Back in the Saddle!

So you run and you run to catch up with the sun but it’s sinking,
Racing around to come up behind you again….

Every year is getting shorter never seem to find the time.
Plans that either come to naught or half a page of scribbled lines
.

—Pink Floyd, Time, added to the hjsailing playlist

Ahoy friends! I’m back in the blog-saddle after a several week hiatus to sort out some land-based-life things. I appreciate your patience and continued readership. It’s fascinating to see what undone stuff stacks-up after 4 months at sea.

In this blog post, I’ll cover the more technical, numerical and logistical aspects of my passage home from the British Virgin Islands. In my next post I’ll focus on the “softer side” of the passage and the voyage—that is, what I learned and how I think I changed during my time voyaging.

First, let’s start with the numbers for both the passage home and also for the entire voyage. The non-stop passage home from the BVI ended-up being a 9 3/4 day sail covering 1,090 nautical miles (1,250 statue, or land-based, miles). That makes an average of 4.7 knots (nautical miles per hour)—not bad considering I had several extended periods of being becalmed and chose wait for wind rather than motor. My top speed over ground (SOG) for the passage was 11 knots. This was off the coast of Miami when I had the combination of strong winds in a favorable direction and the Gulf Stream pushing me.

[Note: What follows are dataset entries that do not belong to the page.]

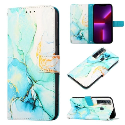 Funda de Cuero para Tecno Camon 17 Pt003 con Patrón de Mármol (Verde)
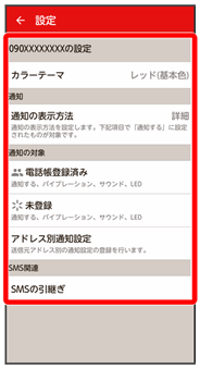 アカウント設定 メールアカウントの設定ができます。詳しくは、「Y!mobile メールの設定」「MMSの設定」「SMSの設定」を参照してください。
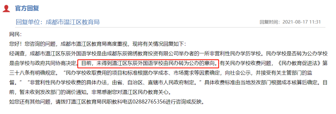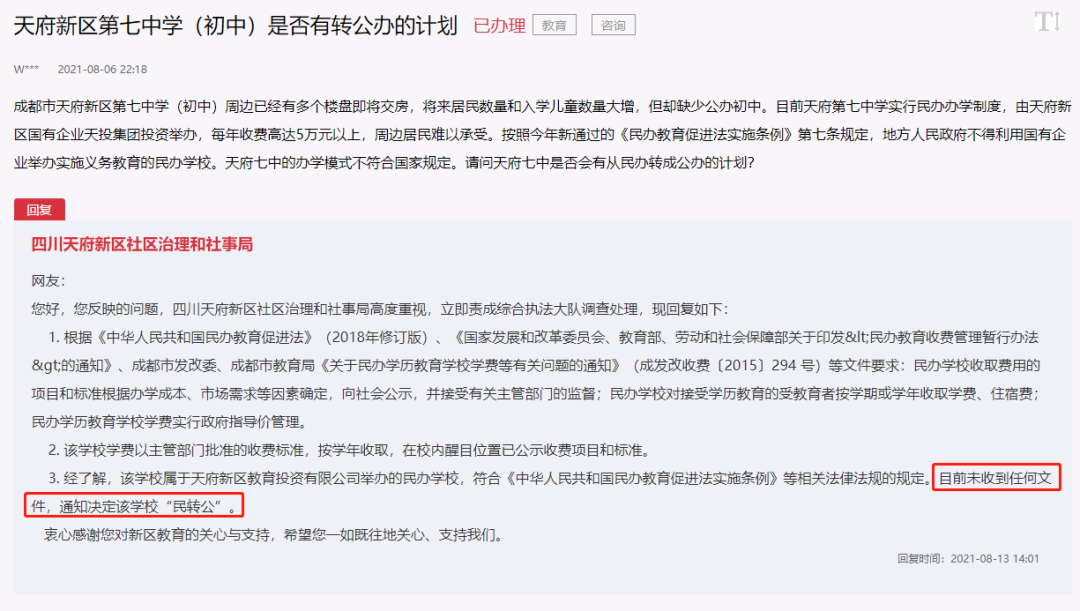 天府新区的官方回复中直言:学校属于天府新区教育投资有限公司举办的民办学校,符合《中华人民共和国民办教育促进法实施条例》等相关法律法规的规定。
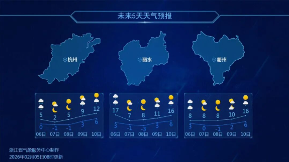 据浙江省气象台预报,受寒潮影响,昨天(2月5日)夜里至明天,全省自北而南有明显降温、雨(雪)和大风天气,大部地区日平均气温过程降温幅度10~12℃。
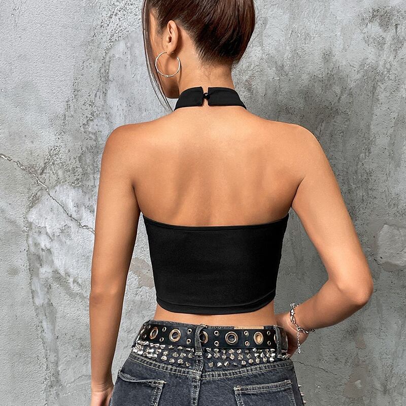 送料無料 ゴスダークパンクスタイル網タイツ女性のセクシーなホルタートップスモールゴシックグランジ美的背中の開いたクロップトップエモプリントe Alt服 AE155588760619939022
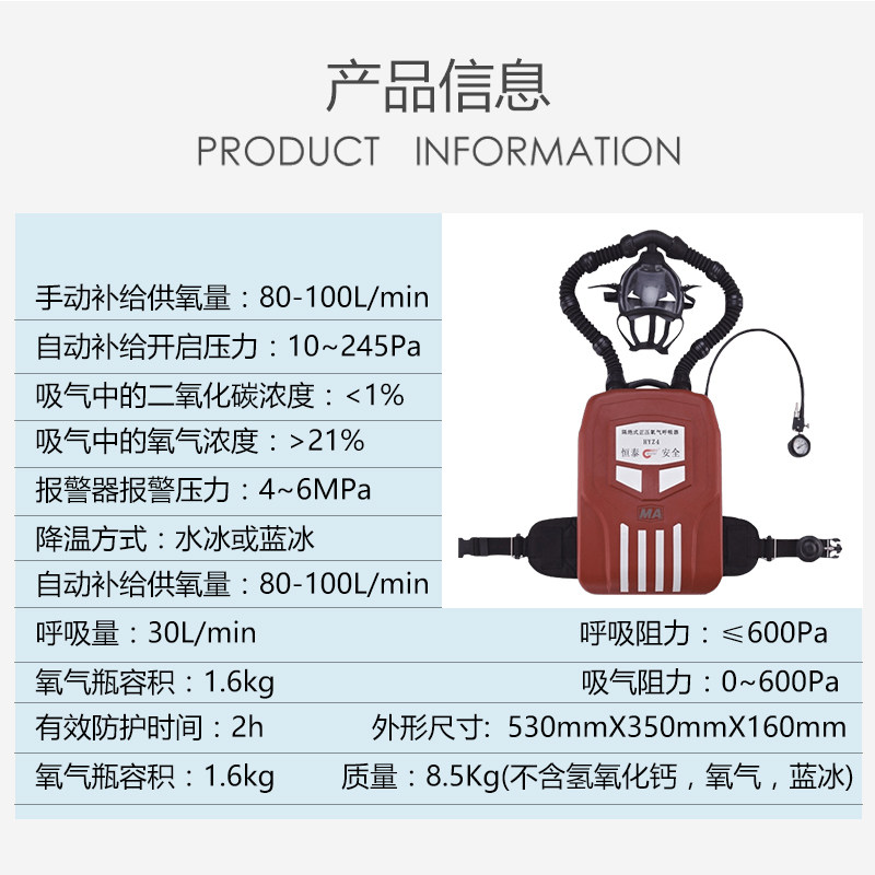 Hengtai isolated type positive pressure oxygen Suction Machine Tunnel Coal Mine HYZ-4 Hour Fire Rescuer Coal Safety certification
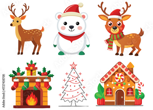 © sumanavact, Fototapeta premium Cute Snowman with Gifts Vector Set – Christmas Holiday Cartoon Collection
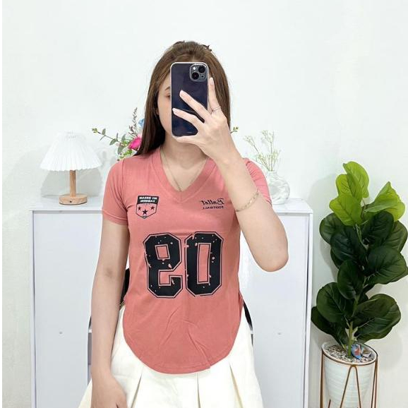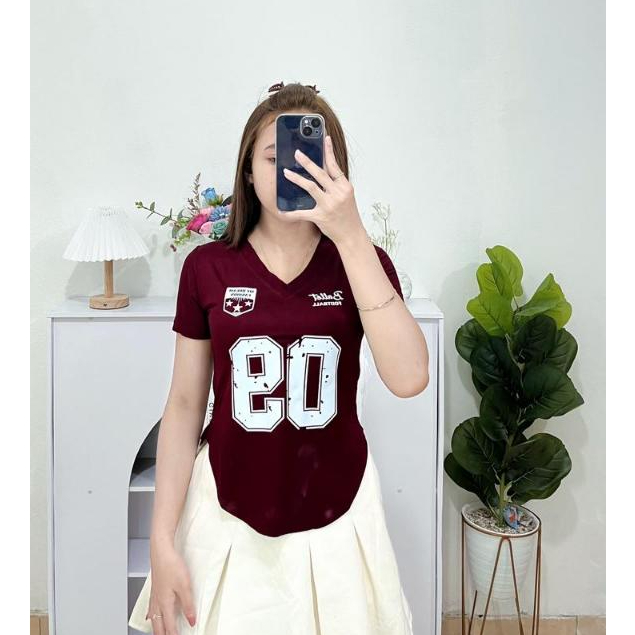Kaos Crop V Neck Wanita Logo Printing Angka Jersey - Baju Cewek Semi Crop Oval Lengan Pendek 6028-09
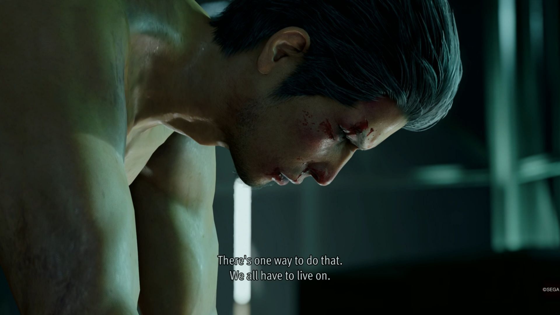 However, Kiryu staggers over to the son of Masato Arakawa as he continues to demand his life be taken if the Yakuza ever want peace. However, Kiryu collapses down to the ground over Ebina. Kiryu claims he has no right to try to apologize, and nothing he could ever say would be enough.
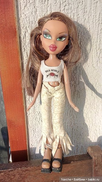 Одежда на ней была, интересные джинсовые штанишки и топик, но я не уверена, что это её родной аутфит, потому что на верхнем веке куклы блестки, предполагается, как мне кажется, что-то более нарядное. Я её немножко приодела, в меру своих способностей, и хочу вам представить. Ее зовут Ясмин. Надо будет ещё присмотреть ей подружку Хлою.

Looking back at the entire voyage, I slept all 115 days on Hazel James and sailed a total of 2,500 nautical miles. This included 283 hours of singlehanded night sailing.

On the passage home, my sailing was generally westward in the tradewind belt. Since the tradewinds blow from the east, my sailing was generally downwind. When sailing downwind with winds above 15 knots, I’d sail with Hazel’s two headsails “wing-on-wing”. When the wind was below 15 knots I would fly her spinnaker. While the spinnaker really gets the boat moving in lighter winds, it’s a big sail and you want it down before the wind builds too far or a storm sets in. Any crew—especially a singlehanded sailor—can get into a bit of trouble trying to carry a spinnaker in high winds.

Hazel’s two “headsails” (the sails ahead of the mast) poled-out “wing-on-wing”, good when the wind is >15 knots
Hazel’s spinnaker flying. For those of you into the technical aspects of sailing, this is an asymmetrical spinnaker or gennaker (cross between a genoa and spinnaker), good when the wind is <15 knots

Sailing downwind is called “running”. Running to the west day-after-day reminded me of the Pink Floyd song “Time”. For a series of days, the sun sets off the bow (front) of the boat and ten hours later rises off the stern (back of the boat). With that repeated pattern of the sun—combined with the waxing moon, and circumpolar stars wheeling around Polaris (the north star)—you truly get a sense of the earth spinning through space and your tiny, and ever-so-brief place on that earth.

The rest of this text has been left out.